Problem statement:
Only the lines from the one with "Luochi Knit~Korean niche" through the last line of the data below are to be duplicated, exactly and without pictures.

::: Record excerpts :::

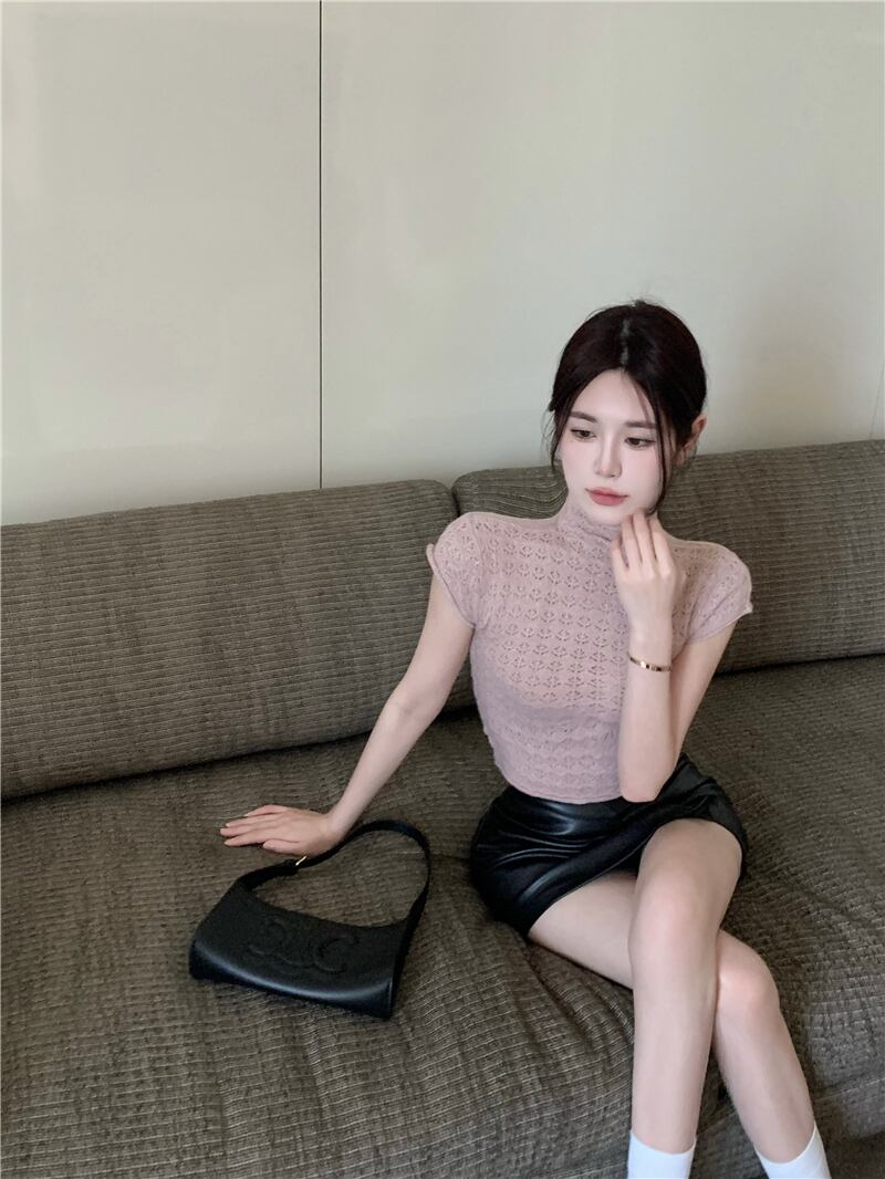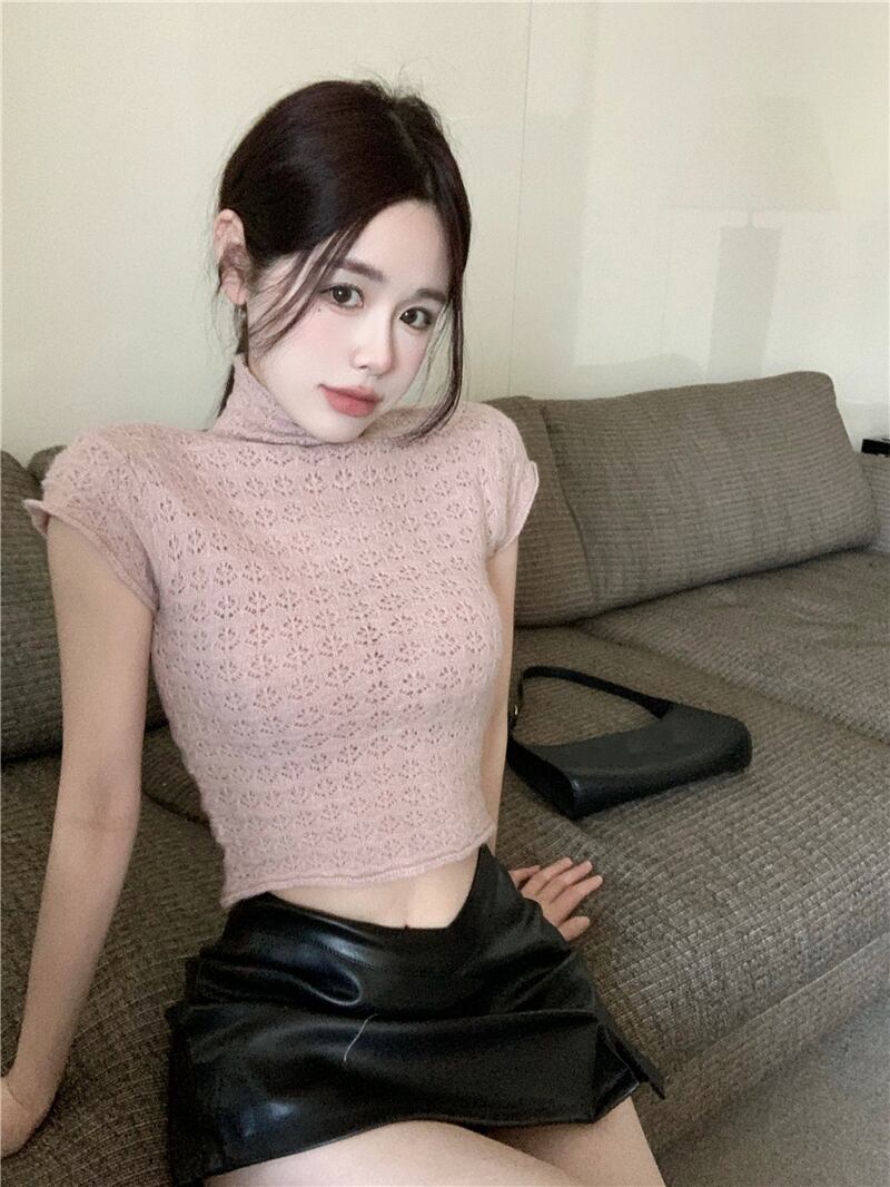 甘くてスパイシーな優しい風の薄いニットセーター女性の2022年夏の新しいピンクの純粋な欲望ハーフタートルネックスリム半袖トップ 大人ガーリー スウィート キュート カジュアル サマー 夏物 ピュア bstraw48285106649 | beaute25
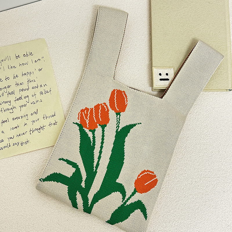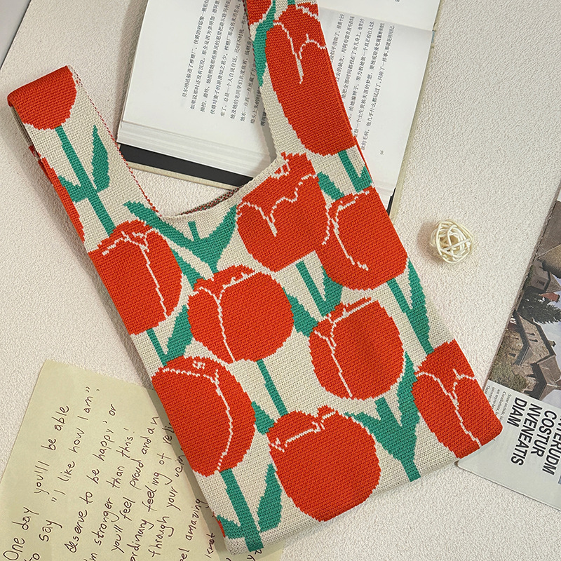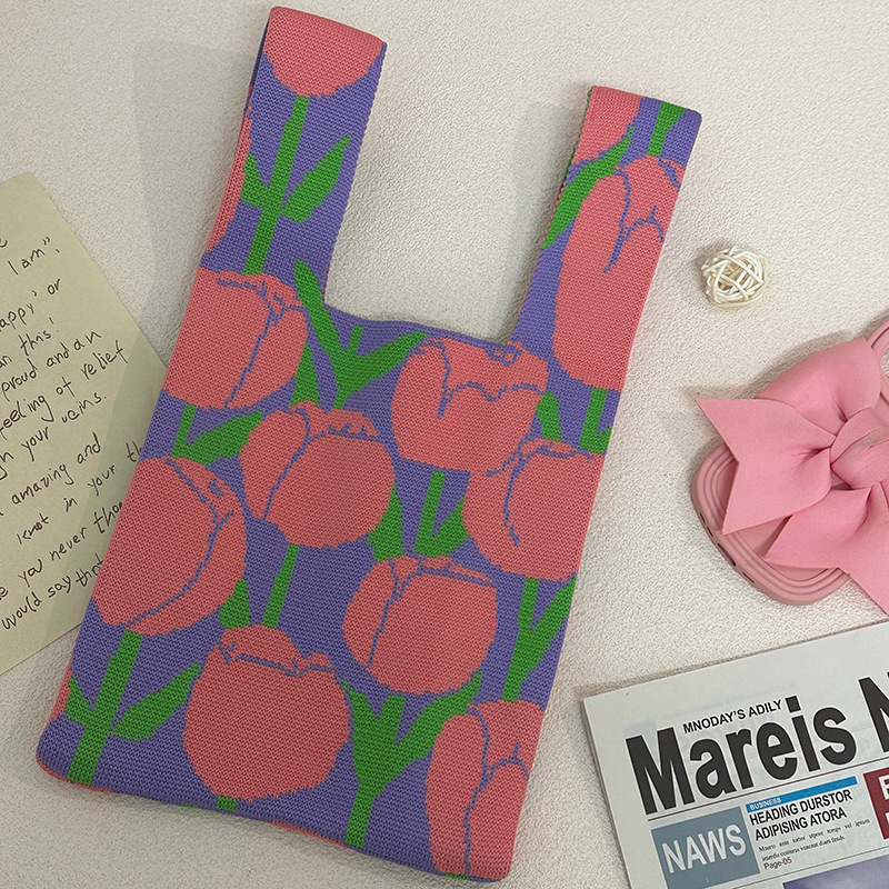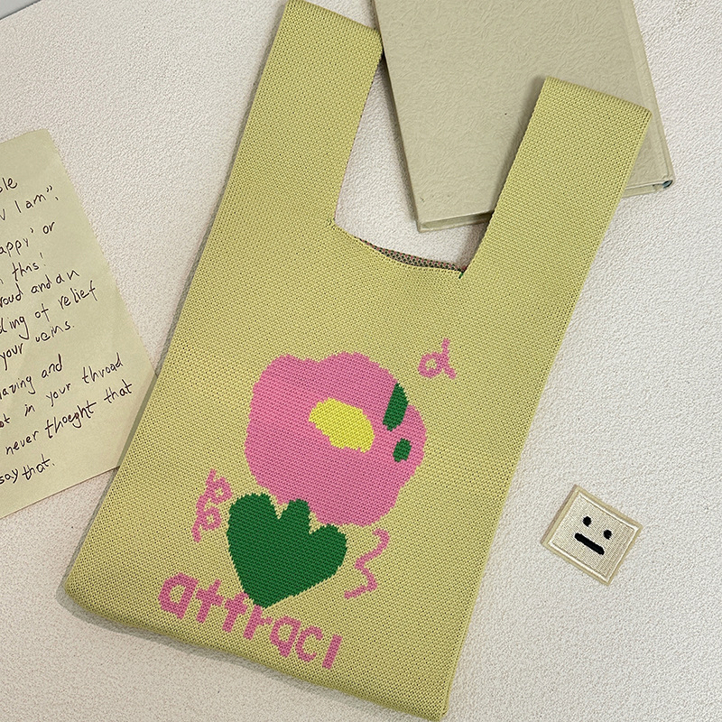 Luochi Knit~Korean niche design knit sweet fashionable flower bag, casual and versatile strolling handbag
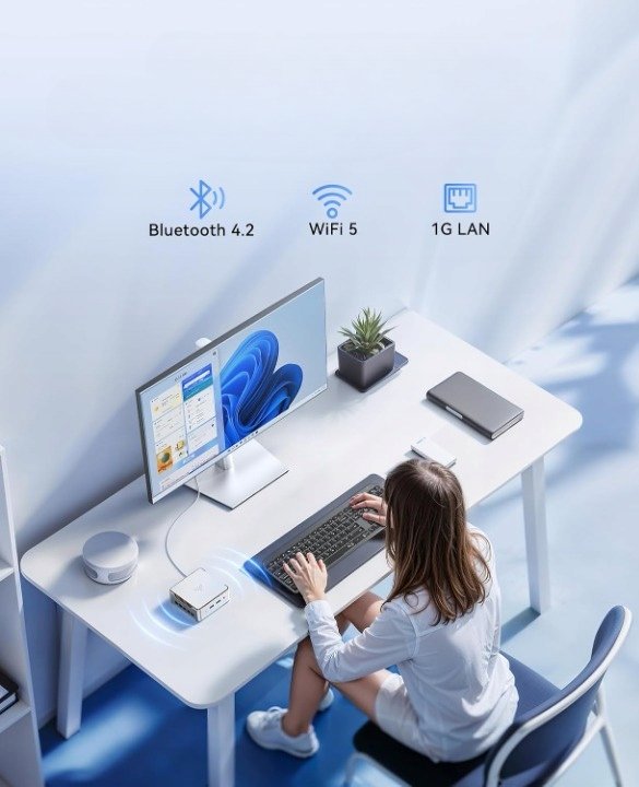 - Stabilna i szybka sieć Wi-Fi Mini PC jest wyposażony w dwupasmowe WiFi 5 2,4 G + 5G i zapewnia mocniejszy i bardziej stabilny sygnał Wi-Fi, który zapewnia płynną pracę usług online, zakupów online, filmów i innych prac online. Bluetooth 4.2 umożliwia bezprzewodowe połączenie wielu urządzeń. Port Gigabit Ethernet zapewnia bezpieczny i szybki dostęp do Internetu dla dużych plików do pobierania plików, stabilnych spotkań grupowych online, zastosowań przemysłowych i komercyjnych.
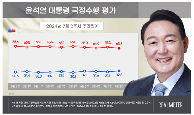 15일 여론조사업체 리얼미터가 공개한 여론조사(에너지경제신문 의뢰로 8~12일, 전국 18세 이상 유권자 2502명 대상으로 무선 97%, 유선 3% 자동응답 방식으로 진행)에 따르면 윤 대통령의 지지율은 지난 주 정례조사와 비교해 1.2%포인트 상승해 32.3%로 조사됐다. 3주만에 지지율이 올랐지만, 윤 대통령 지지율은 총선 이후 14주째 30%대 초반에 머물고 있다. 부정평가는 1.5%포인트 내린 63.8%를 기록했다.
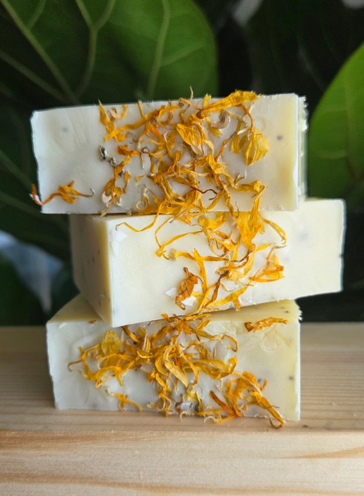 Ingredients: beef tallow, extra virgin olive oil infused with calendula flowers, distilled water, sodium hydroxide (lye), castor oil, tangerine essential oil, Brazilian yellow clay, poppy seeds, dried calendula flowers
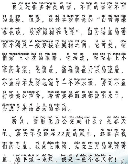 语言小精灵 小作者说春雪像小精灵,我说她本人就是语言小精灵吧,用如此优美诗意的语言来描写这场可爱活泼的春雪。春雪变成春雨的想象,既新奇又充满童趣。结尾句的仿写,应和开篇引用的诗句“白雪却嫌春色晚,故穿庭树作飞花”,让春雪这一古韵悠远的意象更加富有自由灵动的感觉。(东 东)
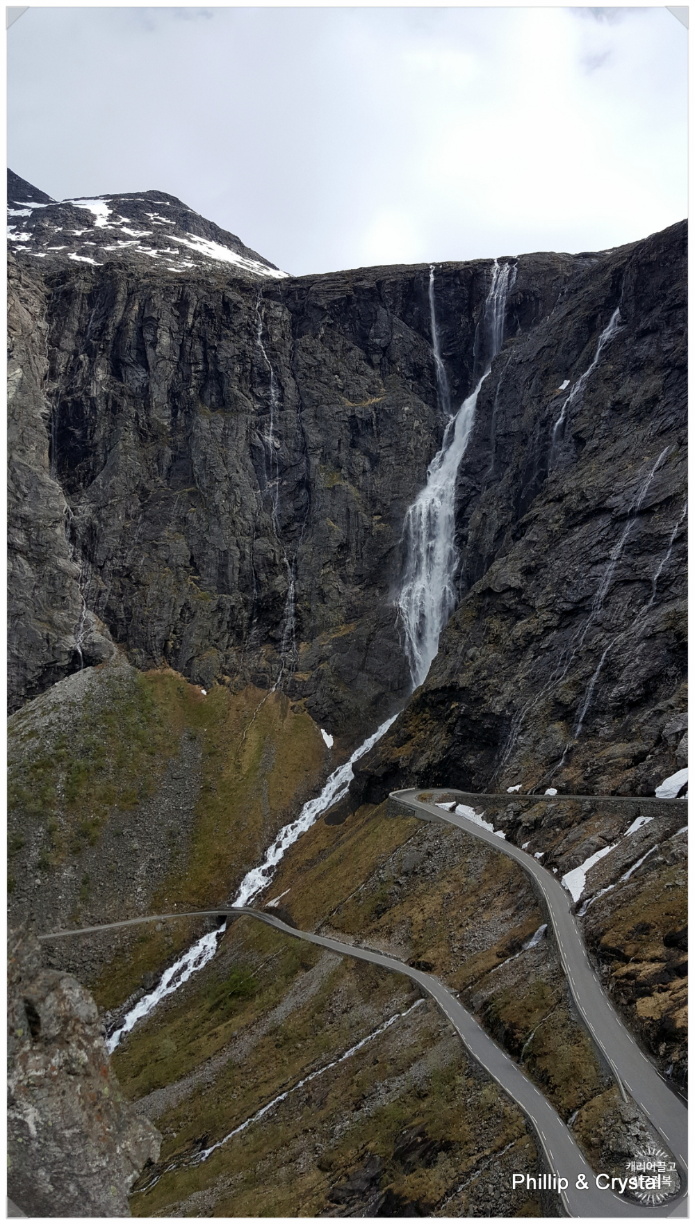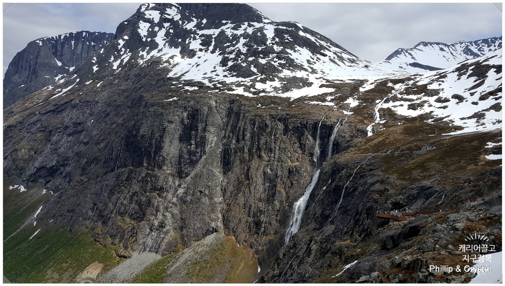 폭포의 수량이 워낙 엄청나서 다리를 지날 땐 차창 밖으로 물보라가 세차게 들이칩니다. 이런 거칠고 위험한 산세에 기어이 길을 뚫고 다리를 놓아버린 노르웨이 사람들의 토목 기술에 그저 감탄만 나올 뿐입니다.
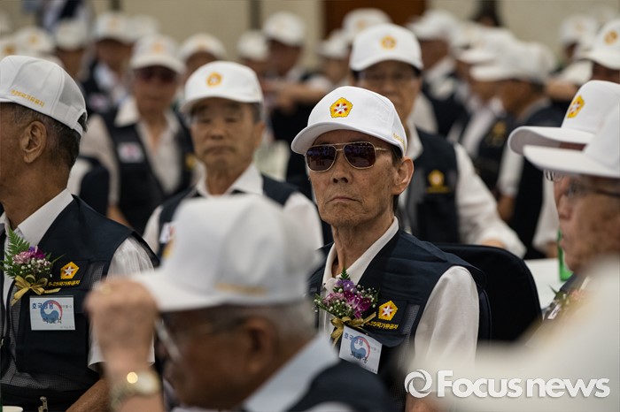 (서울=포커스뉴스) 23일 오전 서울 용산구 전쟁기념관 뮤지엄 웨딩홀에서 참전유공자들이 '6.25전쟁 참전유공자 위로연 및 호국영웅기장 전수식'에 참석하고 있다.

:::

Response area:
 Luochi Knit~Korean niche design knit sweet fashionable flower bag, casual and versatile strolling handbag
 - Stabilna i szybka sieć Wi-Fi Mini PC jest wyposażony w dwupasmowe WiFi 5 2,4 G + 5G i zapewnia mocniejszy i bardziej stabilny sygnał Wi-Fi, który zapewnia płynną pracę usług online, zakupów online, filmów i innych prac online. Bluetooth 4.2 umożliwia bezprzewodowe połączenie wielu urządzeń. Port Gigabit Ethernet zapewnia bezpieczny i szybki dostęp do Internetu dla dużych plików do pobierania plików, stabilnych spotkań grupowych online, zastosowań przemysłowych i komercyjnych.
 15일 여론조사업체 리얼미터가 공개한 여론조사(에너지경제신문 의뢰로 8~12일, 전국 18세 이상 유권자 2502명 대상으로 무선 97%, 유선 3% 자동응답 방식으로 진행)에 따르면 윤 대통령의 지지율은 지난 주 정례조사와 비교해 1.2%포인트 상승해 32.3%로 조사됐다. 3주만에 지지율이 올랐지만, 윤 대통령 지지율은 총선 이후 14주째 30%대 초반에 머물고 있다. 부정평가는 1.5%포인트 내린 63.8%를 기록했다.
 Ingredients: beef tallow, extra virgin olive oil infused with calendula flowers, distilled water, sodium hydroxide (lye), castor oil, tangerine essential oil, Brazilian yellow clay, poppy seeds, dried calendula flowers
 语言小精灵 小作者说春雪像小精灵,我说她本人就是语言小精灵吧,用如此优美诗意的语言来描写这场可爱活泼的春雪。春雪变成春雨的想象,既新奇又充满童趣。结尾句的仿写,应和开篇引用的诗句“白雪却嫌春色晚,故穿庭树作飞花”,让春雪这一古韵悠远的意象更加富有自由灵动的感觉。(东 东)
 폭포의 수량이 워낙 엄청나서 다리를 지날 땐 차창 밖으로 물보라가 세차게 들이칩니다. 이런 거칠고 위험한 산세에 기어이 길을 뚫고 다리를 놓아버린 노르웨이 사람들의 토목 기술에 그저 감탄만 나올 뿐입니다.
 (서울=포커스뉴스) 23일 오전 서울 용산구 전쟁기념관 뮤지엄 웨딩홀에서 참전유공자들이 '6.25전쟁 참전유공자 위로연 및 호국영웅기장 전수식'에 참석하고 있다.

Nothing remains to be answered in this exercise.